I hate to sound this way, but Caleb needs his life back more than your DH's beloved grandmother needs "everyone" around her at all times. I really think you need to take turns with your DH so one of you goes over to spend time with GMA, and the other of you stays home with Caleb.

My father died one month ago today. When he first died, and for a period of two weeks prior while he was dying, I allowed myself to cry in front of the children. I *thought* it would be a learning experience for them to see that people can be sad but still be okay, that maybe we could touch on the concept of death (my kids are three), and stuff like that. Only one time did I do the fall-on-the-floor-&-sob thing in front of them, and that was right when I found out Dad had died. ANYWAYS, my point is, this was all a HUGE mistake. My kids are just WAY too young to understand big adult feelings like intense grief. Seeing my cry, seeing me be sad, even though it was not all the time, even though I talked about it with them and made it clear my sadness & tears had nothing to do with them, wigged my kids out big time. They all went into freak-out mode: temper tantrums, screaming, crying, fighting, hyperactivity, bad dreams, the whole nightmarish gamut of toddler irrationality.

I should never have exposed my kids to my feelings like that. It was bad enough trying to accept what had happened to my dad. But to put freaked-out toddlers on top of it and have to deal with them, that was just too much. I soon realized that I needed to keep a very tight grip on my emotions so as not to upset my children any further. So that's what I've been trying to do. Mind you, I've not been perfect at it, but I have managed to not cry in front of them. I still have moments, like this morning I've been just all over the place emotionally and I know it's because we're at the one-month anniversary. But in the big picture I'm sheltering my kids from what's happened, and they are the better for it. Their emotional outbursts & "out there" behavior stopped a few days after I put a lid on my emotions.

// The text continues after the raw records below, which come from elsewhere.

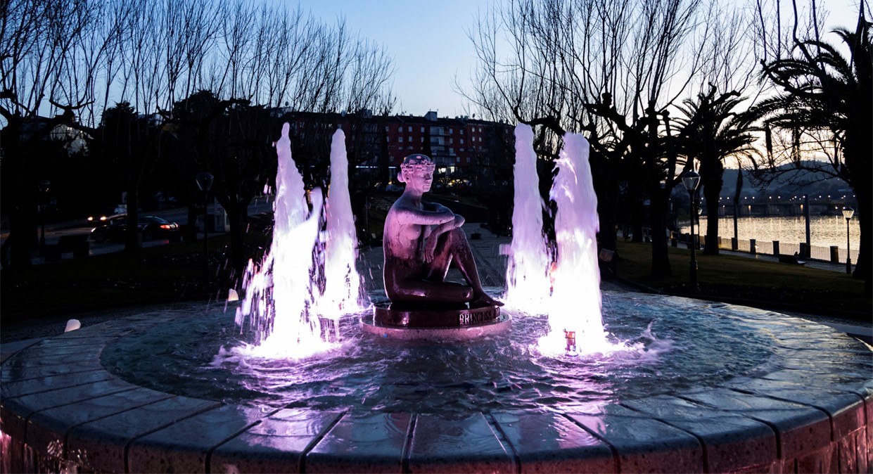 Quando o sol se põe, a fonte luminosa do Parque do Império ganha vida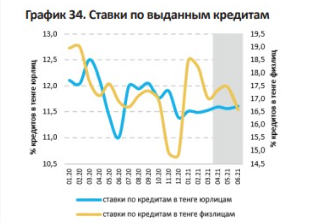 — Во втором квартале 2021 года динамика ставок по выданным кредитам в национальной валюте корпоративному сектору стабилизировалась на уровне 11,6%. Стоимость кредитов розничного сектора демонстрировала снижение, — отметили в Нацбанке.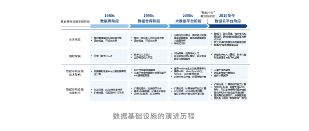 数据基础设施的演进历程,已经经历了数据库、数据仓库、大数据平台三个完整阶段。目前,数据基础设施正在迈向前三个阶段之后的第四个阶段,即“数据云”阶段。

So my WWYD advice is to shetler Caleb from what's happening. Keep his life as normal as possible. Take turns going to visit GMA without Caleb in tow. And try to not grieve in front of him, because little kids just can't handle it when the adults in their world are upset. They just can't.

Cindy
02-18-2006, 01:40 PM
I hate to sound this way, but Caleb needs his life back more than your DH's beloved grandmother needs "everyone" around her at all times. I really think you need to take turns with your DH so one of you goes over to spend time with GMA, and the other of you stays home with Caleb.

I was going to say the same thing.
:hugheart

milkmommy
02-18-2006, 02:22 PM
Two things first
I didn't want to upset him but he seemed totally oblivious to the fact that his great-grandpa wasn't there and he didn't seem upset in anyway either.
he's two he simpily doesn't understand and he wont for quite a while, death is something adults have trouble grasping he simpily doesn't understand don't fault him for that..
and


I hate to sound this way, but Caleb needs his life back more than your DH's beloved grandmother needs "everyone" around her at all times. I really think you need to take turns with your DH so one of you goes over to spend time with GMA, and the other of you stays home with Caleb.